++++ Data provided ++++

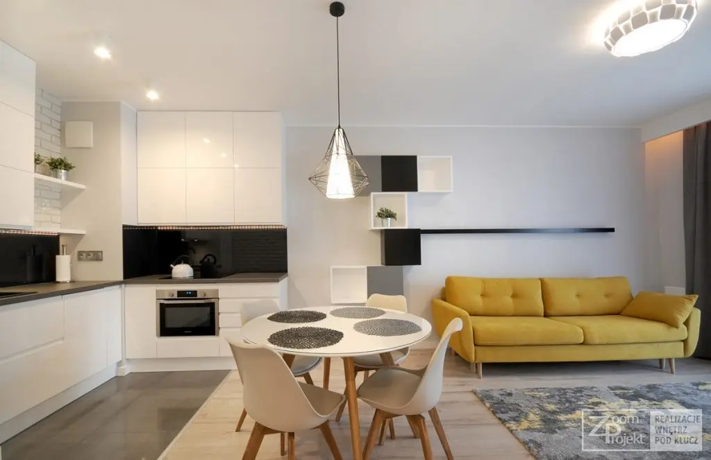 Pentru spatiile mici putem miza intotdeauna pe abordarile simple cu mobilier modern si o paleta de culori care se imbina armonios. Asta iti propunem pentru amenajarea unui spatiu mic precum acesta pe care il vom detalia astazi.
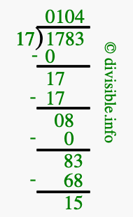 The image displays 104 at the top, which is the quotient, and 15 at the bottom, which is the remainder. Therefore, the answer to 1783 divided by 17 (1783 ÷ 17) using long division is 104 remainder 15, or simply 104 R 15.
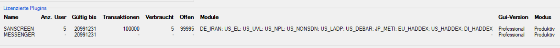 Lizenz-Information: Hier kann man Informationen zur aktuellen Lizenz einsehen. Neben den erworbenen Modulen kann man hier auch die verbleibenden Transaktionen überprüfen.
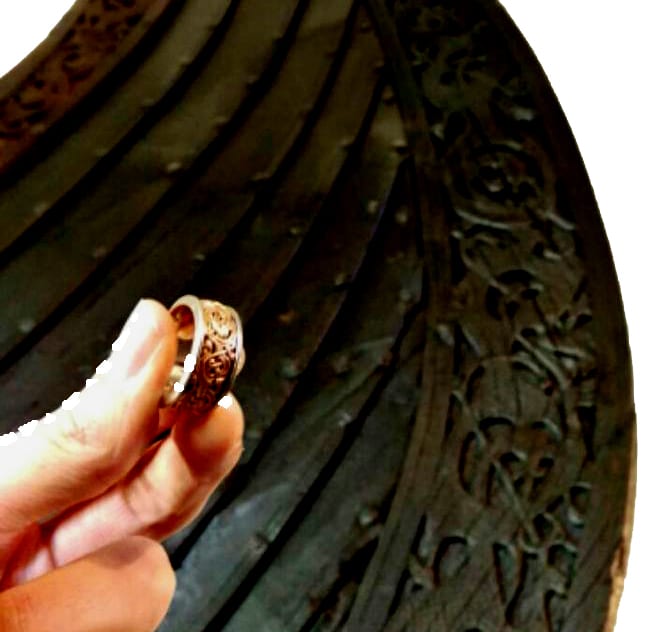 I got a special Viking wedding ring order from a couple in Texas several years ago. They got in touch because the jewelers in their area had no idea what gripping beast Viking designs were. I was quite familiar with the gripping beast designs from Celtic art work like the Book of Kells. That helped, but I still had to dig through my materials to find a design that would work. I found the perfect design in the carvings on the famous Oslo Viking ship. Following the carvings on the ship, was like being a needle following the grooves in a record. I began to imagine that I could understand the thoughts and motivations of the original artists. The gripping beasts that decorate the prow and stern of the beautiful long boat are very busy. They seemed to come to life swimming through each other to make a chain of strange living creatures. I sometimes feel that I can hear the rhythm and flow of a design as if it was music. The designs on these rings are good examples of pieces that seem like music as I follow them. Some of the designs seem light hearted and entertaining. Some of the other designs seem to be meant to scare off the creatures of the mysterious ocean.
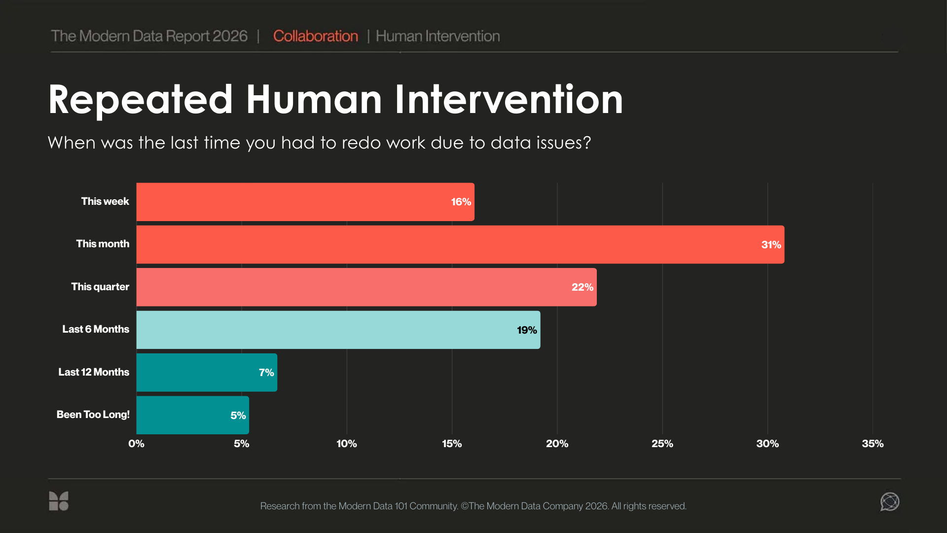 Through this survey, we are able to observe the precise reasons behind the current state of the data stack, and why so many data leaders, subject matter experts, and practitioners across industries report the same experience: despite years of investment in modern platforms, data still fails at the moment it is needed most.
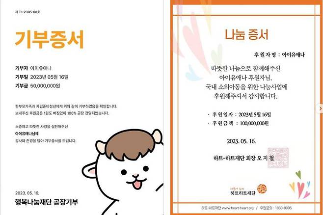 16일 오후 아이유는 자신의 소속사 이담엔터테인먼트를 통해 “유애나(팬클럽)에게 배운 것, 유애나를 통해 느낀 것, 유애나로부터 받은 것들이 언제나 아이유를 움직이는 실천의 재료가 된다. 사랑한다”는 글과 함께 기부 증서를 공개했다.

++++

= Task requirements =
Return the data exactly. Do not carry over any images.

= Solution to the exercise =
 Pentru spatiile mici putem miza intotdeauna pe abordarile simple cu mobilier modern si o paleta de culori care se imbina armonios. Asta iti propunem pentru amenajarea unui spatiu mic precum acesta pe care il vom detalia astazi.
 The image displays 104 at the top, which is the quotient, and 15 at the bottom, which is the remainder. Therefore, the answer to 1783 divided by 17 (1783 ÷ 17) using long division is 104 remainder 15, or simply 104 R 15.
 Lizenz-Information: Hier kann man Informationen zur aktuellen Lizenz einsehen. Neben den erworbenen Modulen kann man hier auch die verbleibenden Transaktionen überprüfen.
 I got a special Viking wedding ring order from a couple in Texas several years ago. They got in touch because the jewelers in their area had no idea what gripping beast Viking designs were. I was quite familiar with the gripping beast designs from Celtic art work like the Book of Kells. That helped, but I still had to dig through my materials to find a design that would work. I found the perfect design in the carvings on the famous Oslo Viking ship. Following the carvings on the ship, was like being a needle following the grooves in a record. I began to imagine that I could understand the thoughts and motivations of the original artists. The gripping beasts that decorate the prow and stern of the beautiful long boat are very busy. They seemed to come to life swimming through each other to make a chain of strange living creatures. I sometimes feel that I can hear the rhythm and flow of a design as if it was music. The designs on these rings are good examples of pieces that seem like music as I follow them. Some of the designs seem light hearted and entertaining. Some of the other designs seem to be meant to scare off the creatures of the mysterious ocean.
 Through this survey, we are able to observe the precise reasons behind the current state of the data stack, and why so many data leaders, subject matter experts, and practitioners across industries report the same experience: despite years of investment in modern platforms, data still fails at the moment it is needed most.
 16일 오후 아이유는 자신의 소속사 이담엔터테인먼트를 통해 “유애나(팬클럽)에게 배운 것, 유애나를 통해 느낀 것, 유애나로부터 받은 것들이 언제나 아이유를 움직이는 실천의 재료가 된다. 사랑한다”는 글과 함께 기부 증서를 공개했다.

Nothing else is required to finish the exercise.